I have Flink stream processing application which read stream of messages from Pulsar Topic, process them and store the file in S3. It perform below operation.
- Read messages from Pulsar topic every 30 seconds with TumblingWindow
- KeyBy to divide the stream processing based on key.
- Process it and store it in S3.
- Notify downstream application
Happy path works very well. Problem starts with partial failures and recovery.
Step# 2 can create multiple different streams as there will be different keys in the stream.
Check point 1 Triggered. Stream 1 (Key 1) -- Processing is successful. Stream 2 (Key 2) -- Processing is failed for some reason at step 3 or 4 above. Check point 2 Completed.

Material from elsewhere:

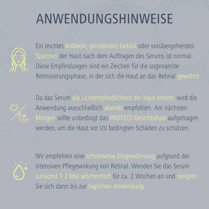 Da Retinal die Lichtempfindlichkeit erhöht, ist eine ausschließliche Anwendung am Abend erforderlich. Ein geeigneter Lichtschutz am Morgen – am Besten das Protect Gesichtsfluid – ist unverzichtbar, um die Haut vor UV bedingten Schäden zu schützen.

If I throw exception, in case stream 2 is failed, It will fail the whole job and reprocess from Checkpoint 1. In this case, Stream 1 will be reprocessed which should not happen.
Is there a way in Flink we can manually avoid acknowledging Pulsar topic for only failed messages or only process failed records after restart. My requirement is to not to perform duplicate processing and reprocess only failed records.
I read savepoint can be one of the solution but did not find any concrete example.
Appreciate your help!!
The short answer in "no". Flink tracks source offsets and sink transactions (plus operator state), in order to support efficient exactly once processing.